Mental toughness is also important, especially when it comes to picking—and keeping—members of the team, Fisher said.

“If (a) team doesn't work for you, you have to change that team,” Fisher said.

“If you're unhappy working for me, godspeed,” go and get another job, she said. “Let people go.”

As Ladge interviewed Fisher, she took questions from the audience, including one from Temidola Ikomi, a 2017 graduate and winner of an Innovator award for co-founding a womenswear business, Irawo Studio, in Nigeria.

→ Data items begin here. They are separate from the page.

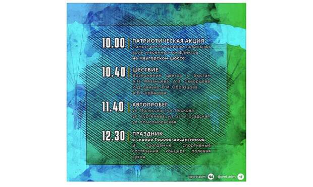 Как пообещали в мэрии Орла, в 2023 году он пройдёт в беспрецедентно широком формате. Празднование включит в себя автопробег, шествие и две патриотические акции. В 10:00 у памятника Участникам локальных войн и военных конфликтов на Наугорском шоссе военнослужащие почтят погибших при исполнении служебного долга товарищей.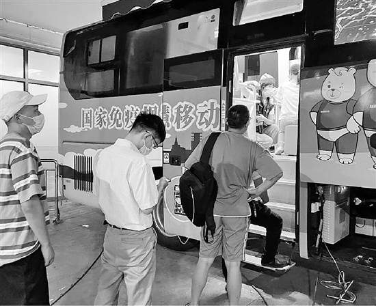 旅客们在移动接种车上接种疫苗。
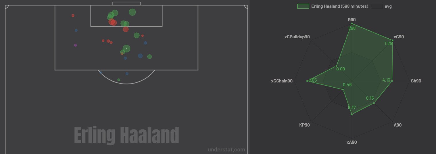 Форвард, которого так не хватало Пепу в прошлом сезоне, наконец-то есть, и оправдания по поводу очередного вылета из Лиги чемпионов больше не принимаются. Норвежец — идеальный наконечник атак и прессинг-машина. Его тепловая карта выглядит как квинтэссенция нападающего: не тянет на себя, красные зоны рядом со штрафной и центром поля (много бьёт и опасен у ворот соперника, работает в отборе во второй трети поля).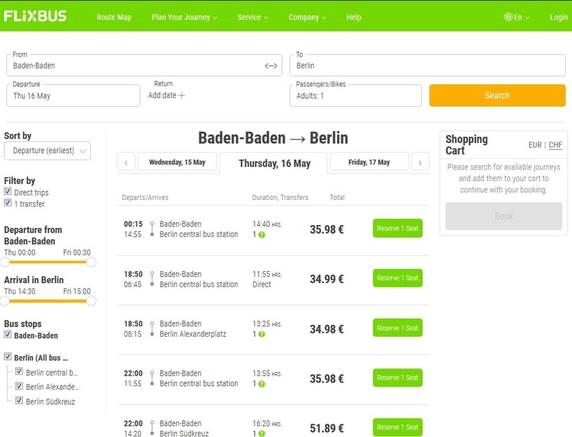 Поездка на автобусе — это самый неудобный вариант поездки. Компания Flixbus выполняет рейсы в Берлин четыре раза в неделю (четверг, пятница, суббота и воскресенье).

Ikomi told Fisher she loved her energy and her sense of gratitude and wanted to know how she overcame feelings of stagnancy.

“That's an everyday challenge,” Fisher said. She said her company is growing so much it faces production challenges, adding, “You just have to make that change.”

Stacey Pablo, a fourth-year student at Northeastern and co-director of the Women's Interdisciplinary Society of Entrepreneurship, said she wanted to learn what lessons had helped the women speakers become successful.

What she learned from Fisher was the importance of “being courageous and taking the leap,” Pablo said.

Also speaking that afternoon were Kristen Lee, a teaching professor in behavioral science at Northeastern and author of “Worth the Risk” and “Microdosing Bravery,” and Lisa Feldman Barrett, distinguished professor in psychology and author of “7 1/2 Lessons About the Brain.”